Summers Says Fed Still ‘Transitory’ on Inflation, Under Surface
(Bloomberg) -- Former Treasury Secretary Lawrence Summers said the Federal Reserve’s pivot this week toward addressing elevated inflation more quickly is insufficient, and that policy makers are acting like they still believe that price gains will slow substantially on their own.
“If you look under the surface, they’re still kind of betting that inflation is heavily transitory,” Summers said on Bloomberg Television’s “Wall Street Week” with David Westin. “Because they’re not really applying restraint to the economy of a magnitude that would be expected to diminish inflation in a very substantial way.”
Summers pointed to forecasts from Fed officials released Wednesday showing the expectation for the unemployment rate to drop to 3.5% with inflation tumbling from multi-decade highs toward the central bank’s 2% target. At the same time, the projections showed policy makers don’t anticipate raising their key interest rate even as high as their long-run estimate of 2.5% for the benchmark.

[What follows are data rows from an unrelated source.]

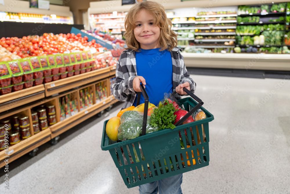 Portrait of child with shopping cart full of fresh vegetables in a food store. Supermarket shopping and grocery shop concept. Shopping kids. Child buying grocery in supermarket. hold shopping basket.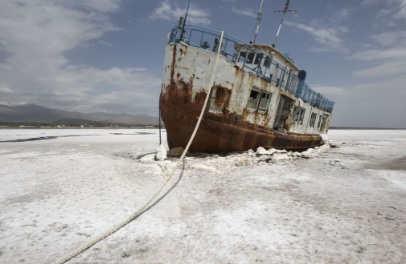 این عکس در چند روز گذشته از دریاچه ارومیه گرفته شده و در دریاچه بجای آب اکنون نمک دیده میشود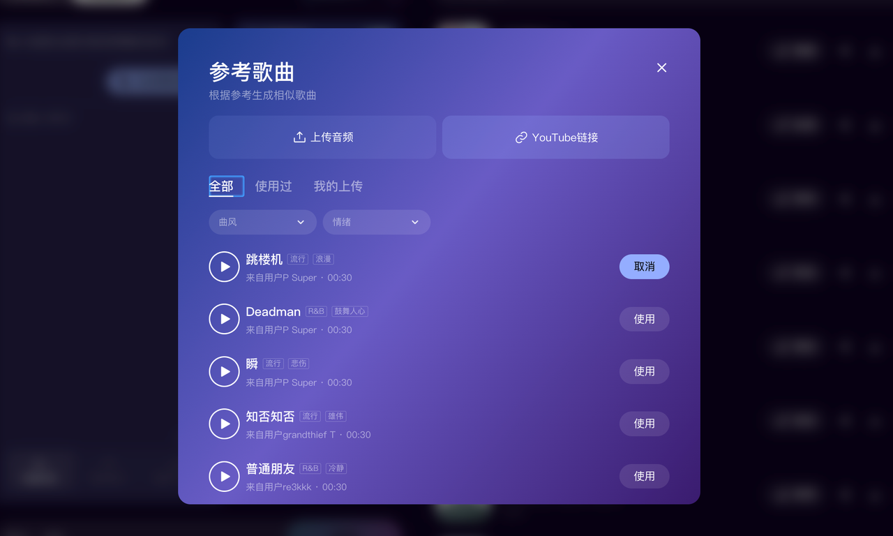 上传任意歌曲(如爆款神曲《跳楼机》),AI即刻解析其风格并生成相似的新作品,是快速追热点、激发灵感的利器。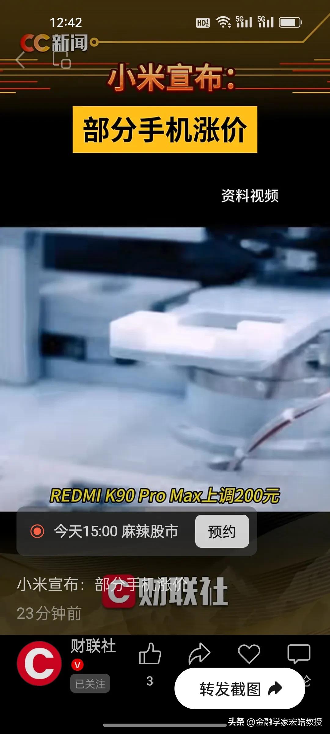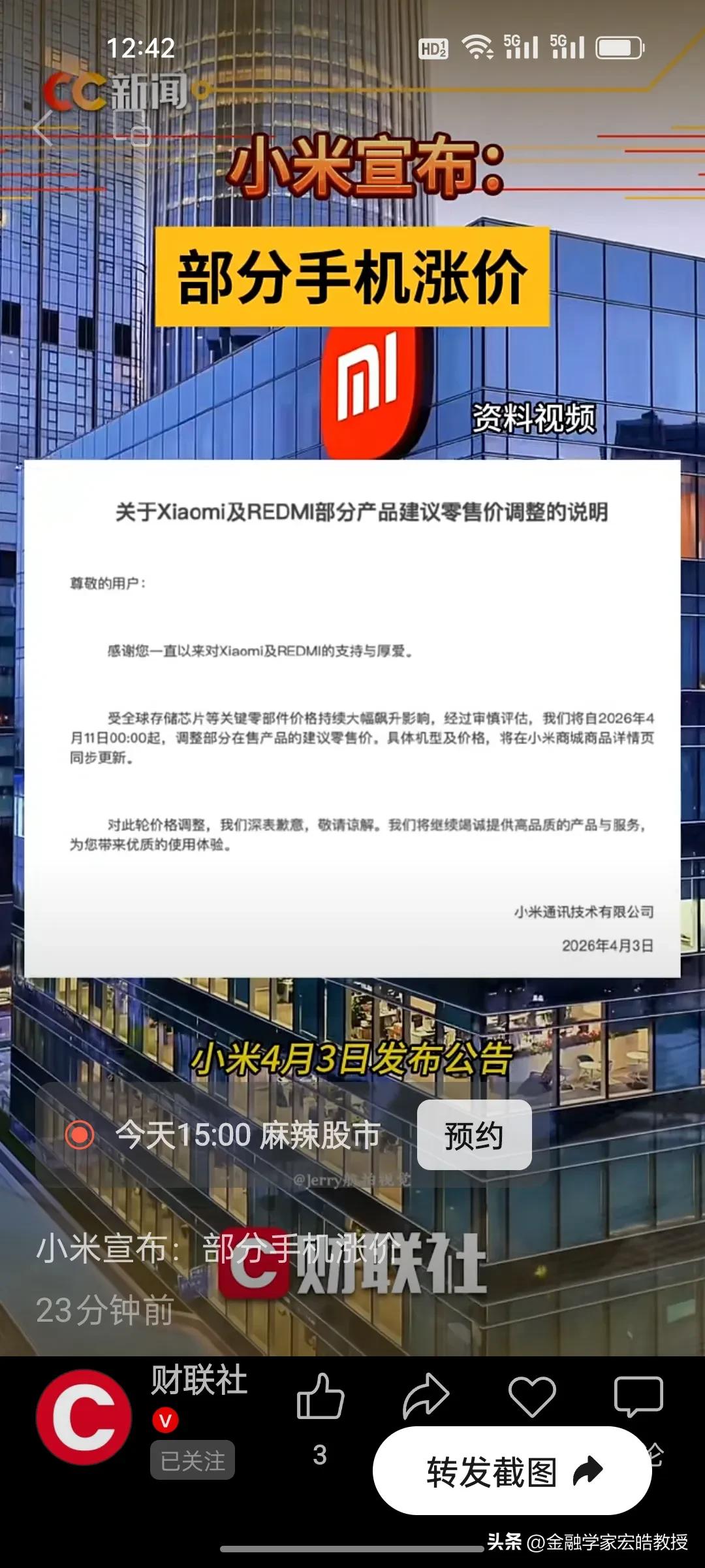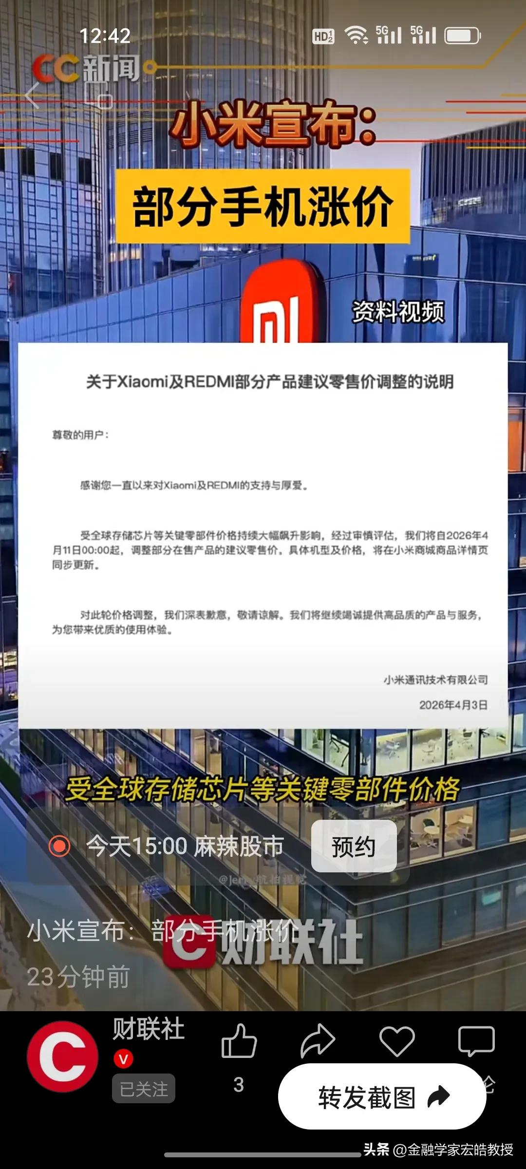 刚刚,小米官宣手机涨价!手机、家电集体涨价潮来袭! 谁能想到,最能扛的小米手机竟然也要涨价了!今天,小米正式官宣:受全球存储芯片等关键零部件价格大幅飙升影响,自4月11日0点起,部分在售手机上调建议零售价。 不过,这次涨价倒是对小米高端化转型迎来契机。涨价为品牌升级提供了缓冲,小米借此提升产品溢价,摆脱“性价比”标签,向高端市场突围,提升品牌长期价值。 不止手机,家电圈早已掀起涨价潮:美的、格力、海尔等头部品牌先后上调空调、冰箱等大家电价格,部分小家电涨幅超10%;生活用品中,卫生纸巾、洗护用品也因原材料、物流成本上涨提价。 核心原因就是上游核心元器件、大宗商品价格持续走高,叠加供应链成本压力。短期看,存储芯片、芯片等核心物料价格仍在高位,涨价潮至少会持续到2026年下半年,直到供应链供需平衡才会缓解。 现在入手刚需产品,真的要抓紧窗口期了!

In their policy statement, Fed officials this week dropped a reference to elevated inflation rates “largely reflecting factors that are expected to be transitory.”

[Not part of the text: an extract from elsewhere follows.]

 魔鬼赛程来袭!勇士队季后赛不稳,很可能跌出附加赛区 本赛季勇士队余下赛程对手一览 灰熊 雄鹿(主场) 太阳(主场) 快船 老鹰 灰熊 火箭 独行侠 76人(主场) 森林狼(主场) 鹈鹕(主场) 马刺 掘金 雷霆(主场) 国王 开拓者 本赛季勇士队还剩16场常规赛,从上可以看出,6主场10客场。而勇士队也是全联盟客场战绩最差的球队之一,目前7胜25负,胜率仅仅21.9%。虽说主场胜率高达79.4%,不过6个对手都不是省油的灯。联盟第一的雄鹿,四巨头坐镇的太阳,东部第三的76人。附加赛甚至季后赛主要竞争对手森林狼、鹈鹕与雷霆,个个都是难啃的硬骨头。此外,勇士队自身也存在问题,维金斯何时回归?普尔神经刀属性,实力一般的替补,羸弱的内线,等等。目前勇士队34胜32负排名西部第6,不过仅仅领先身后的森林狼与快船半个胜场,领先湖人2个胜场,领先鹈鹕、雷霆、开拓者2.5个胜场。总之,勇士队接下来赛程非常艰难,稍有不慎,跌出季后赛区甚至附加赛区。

Summers reiterated his own expectation for surging home rental costs to put pressure on inflation into 2022. He also cited a “red-hot labor market” along with prospects for new bottlenecks in supply chains as contributors to price strains.
“I am concerned that we’ve hidden the word ‘transitory’ but we haven’t hidden the concept that inflation is going to solve itself, said Summers, a paid contributor to Bloomberg and a Harvard University professor.

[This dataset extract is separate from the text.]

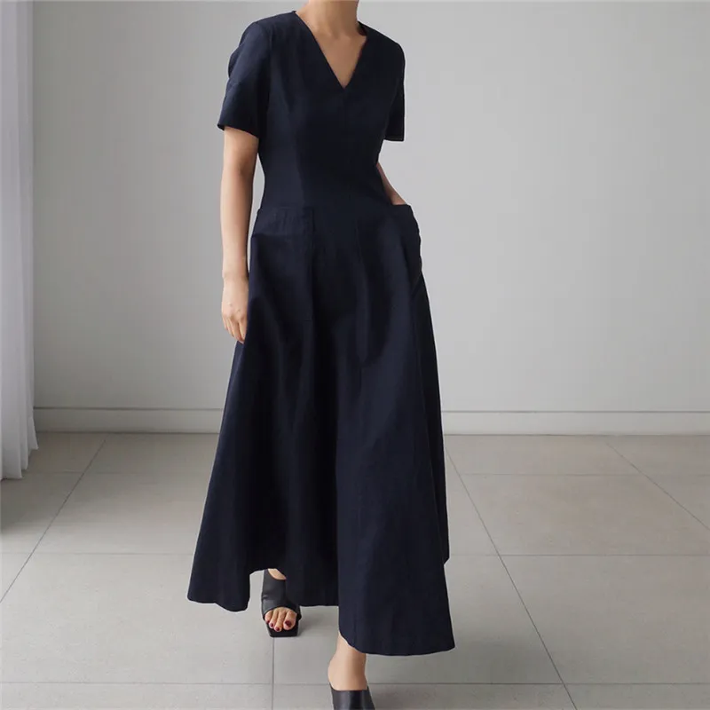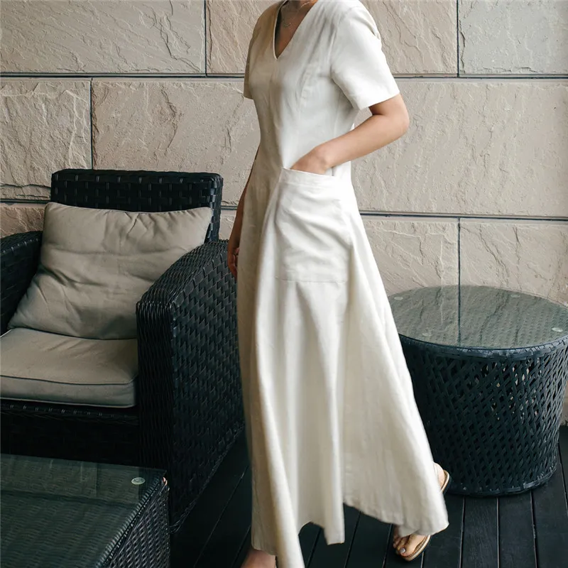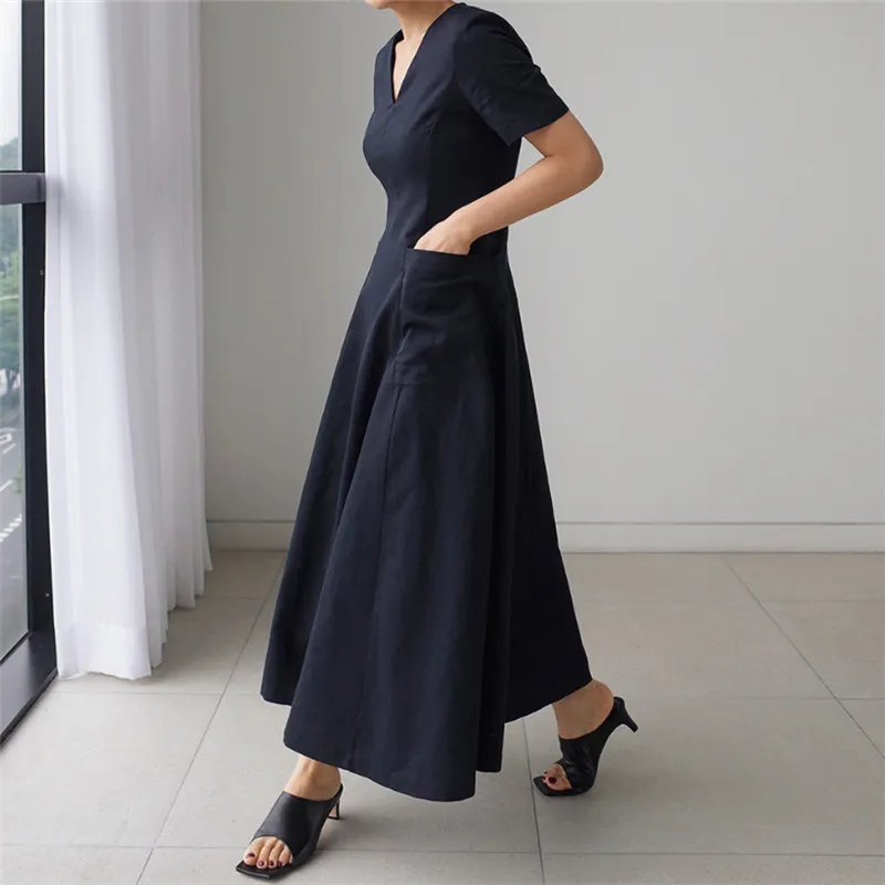 衣都精品- 2022春夏新款時尚V領顯瘦寬鬆短袖連衣裙

Still, it could be that Wednesday’s shift is part of a step-change by the Fed with further stages coming, the former Treasury chief said.
“There’s a case for making adjustments gradually, and it may be that this is the first stage in what will be several adjustments” in the Fed’s outlook and policy plans, Summers said. With financial markets not even pricing in the amount of policy tightening that the Fed now anticipates, “it’s a complicated situation,” he said.
As for the stalling of President Joe Biden’s signature tax-and-spending plan in Congress this week, Summers said he’s hopeful that an improved version will result in the end. It would be “very, very unfortunate and would set our economy back” if a package that includes expanded child tax credits, green investments, pre-kindergarten education and child-care assistance isn’t enacted, he said.